▶ Task to complete
Output the data below only from the line containing "Acne studios 2025f" up to and including the line containing "Photocopied photo of", exact and with the pictures left out.

Listed records: Begin

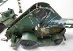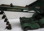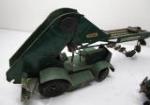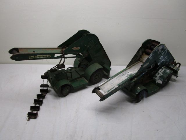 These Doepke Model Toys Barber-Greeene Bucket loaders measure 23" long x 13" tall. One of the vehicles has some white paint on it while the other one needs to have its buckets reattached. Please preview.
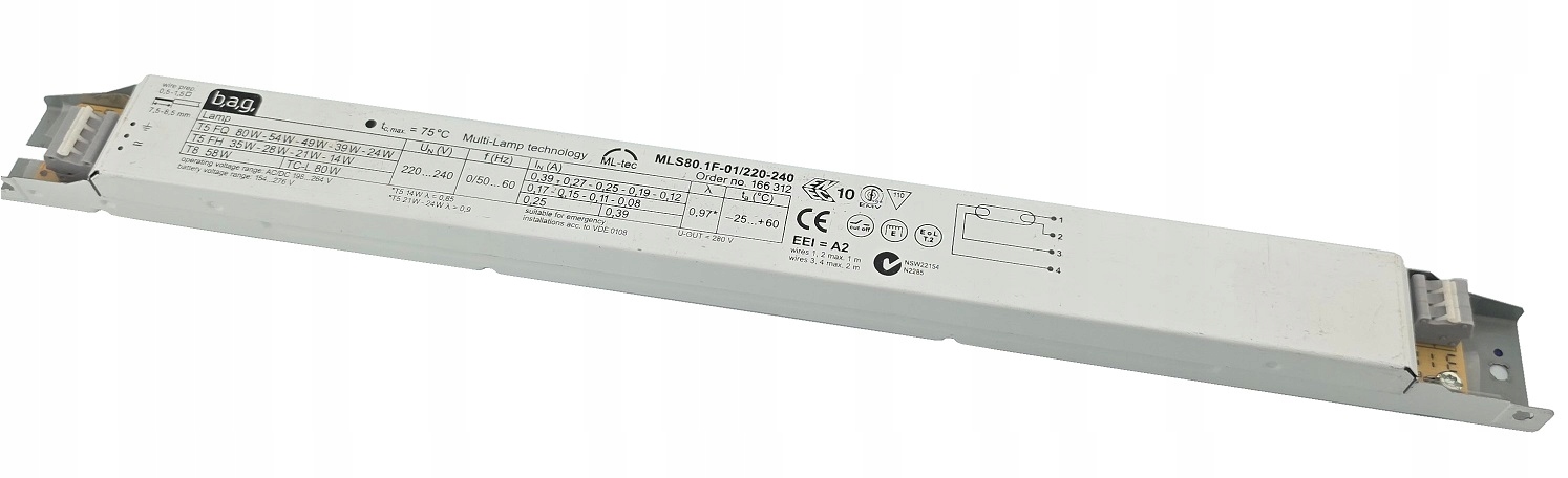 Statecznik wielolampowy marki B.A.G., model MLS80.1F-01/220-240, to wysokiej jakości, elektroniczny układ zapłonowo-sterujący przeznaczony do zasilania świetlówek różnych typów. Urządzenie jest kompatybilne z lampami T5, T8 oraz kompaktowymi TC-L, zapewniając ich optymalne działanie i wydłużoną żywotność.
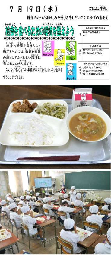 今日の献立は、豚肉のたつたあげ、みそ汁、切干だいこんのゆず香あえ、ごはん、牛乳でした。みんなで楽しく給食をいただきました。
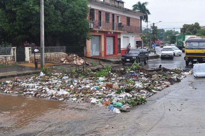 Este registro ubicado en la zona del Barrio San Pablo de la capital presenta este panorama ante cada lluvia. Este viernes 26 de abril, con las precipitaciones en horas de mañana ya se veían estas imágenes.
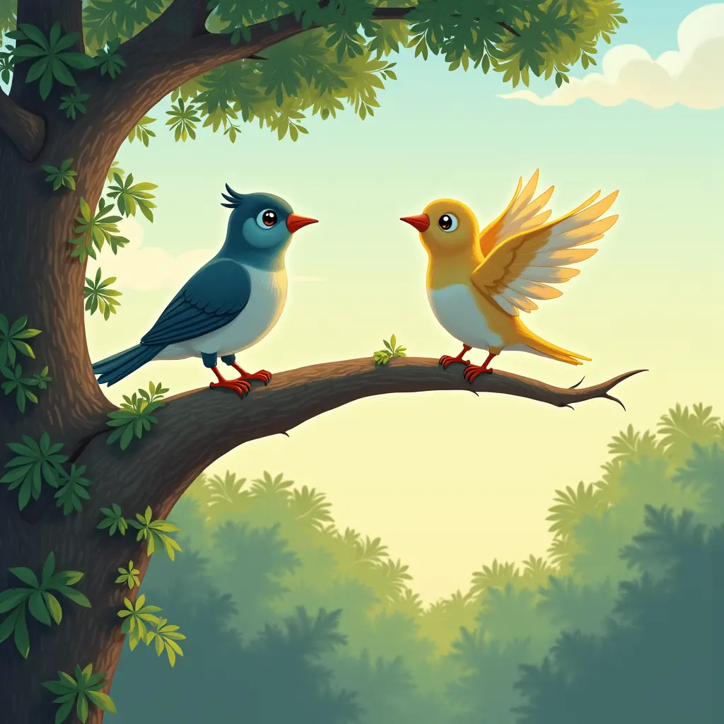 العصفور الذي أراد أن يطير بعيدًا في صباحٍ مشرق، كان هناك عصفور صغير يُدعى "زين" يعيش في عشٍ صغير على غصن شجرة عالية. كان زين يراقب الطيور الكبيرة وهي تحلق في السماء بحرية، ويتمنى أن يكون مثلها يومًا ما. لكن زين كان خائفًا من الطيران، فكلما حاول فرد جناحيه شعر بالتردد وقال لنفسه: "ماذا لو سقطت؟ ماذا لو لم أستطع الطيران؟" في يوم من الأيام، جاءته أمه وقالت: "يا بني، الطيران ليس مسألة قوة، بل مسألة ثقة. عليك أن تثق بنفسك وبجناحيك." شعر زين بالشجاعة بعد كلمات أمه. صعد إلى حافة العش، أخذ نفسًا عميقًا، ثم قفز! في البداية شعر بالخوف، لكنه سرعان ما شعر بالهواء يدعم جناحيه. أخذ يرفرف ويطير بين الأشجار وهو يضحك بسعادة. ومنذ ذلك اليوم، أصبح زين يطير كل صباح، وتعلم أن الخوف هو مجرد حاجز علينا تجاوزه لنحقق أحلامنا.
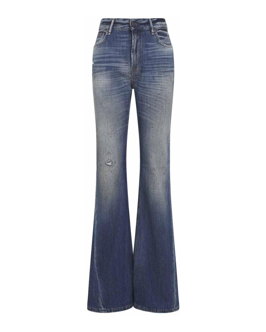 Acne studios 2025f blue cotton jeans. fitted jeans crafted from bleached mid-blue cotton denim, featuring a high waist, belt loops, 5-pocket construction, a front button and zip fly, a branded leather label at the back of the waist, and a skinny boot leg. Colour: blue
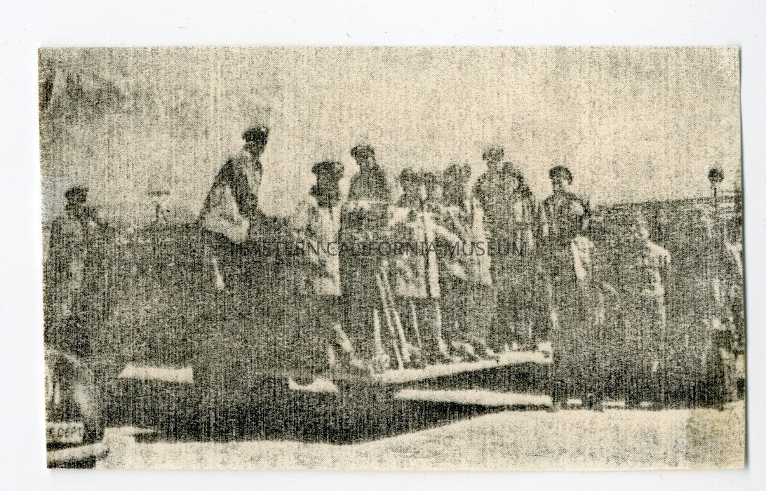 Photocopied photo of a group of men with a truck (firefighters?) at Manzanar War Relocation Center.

Listed records: End
Listed records: Begin

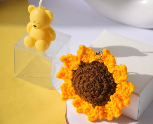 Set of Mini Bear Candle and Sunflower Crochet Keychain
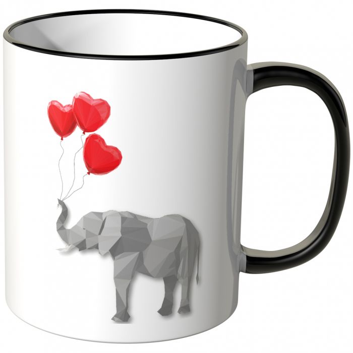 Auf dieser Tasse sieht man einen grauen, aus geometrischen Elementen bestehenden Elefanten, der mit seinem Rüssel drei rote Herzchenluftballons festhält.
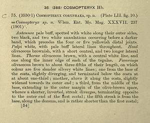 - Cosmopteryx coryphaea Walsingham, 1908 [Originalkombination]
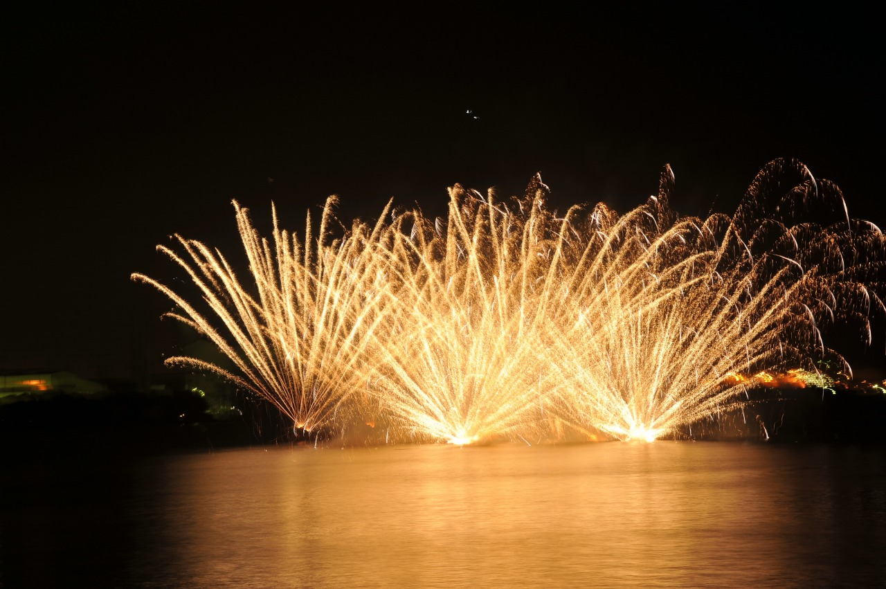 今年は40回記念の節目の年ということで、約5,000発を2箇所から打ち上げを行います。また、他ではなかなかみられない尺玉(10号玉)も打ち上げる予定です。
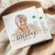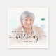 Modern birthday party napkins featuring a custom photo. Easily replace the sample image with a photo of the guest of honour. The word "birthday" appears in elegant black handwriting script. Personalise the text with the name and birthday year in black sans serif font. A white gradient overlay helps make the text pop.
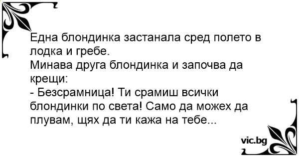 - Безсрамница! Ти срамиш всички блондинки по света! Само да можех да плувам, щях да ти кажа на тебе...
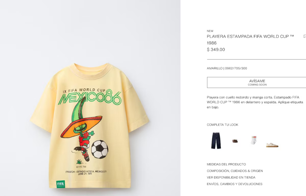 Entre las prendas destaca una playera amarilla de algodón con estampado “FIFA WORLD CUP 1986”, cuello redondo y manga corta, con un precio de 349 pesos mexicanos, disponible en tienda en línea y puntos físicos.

Listed records: End

▶ Solution to this exercise
 Acne studios 2025f blue cotton jeans. fitted jeans crafted from bleached mid-blue cotton denim, featuring a high waist, belt loops, 5-pocket construction, a front button and zip fly, a branded leather label at the back of the waist, and a skinny boot leg. Colour: blue
 Photocopied photo of a group of men with a truck (firefighters?) at Manzanar War Relocation Center.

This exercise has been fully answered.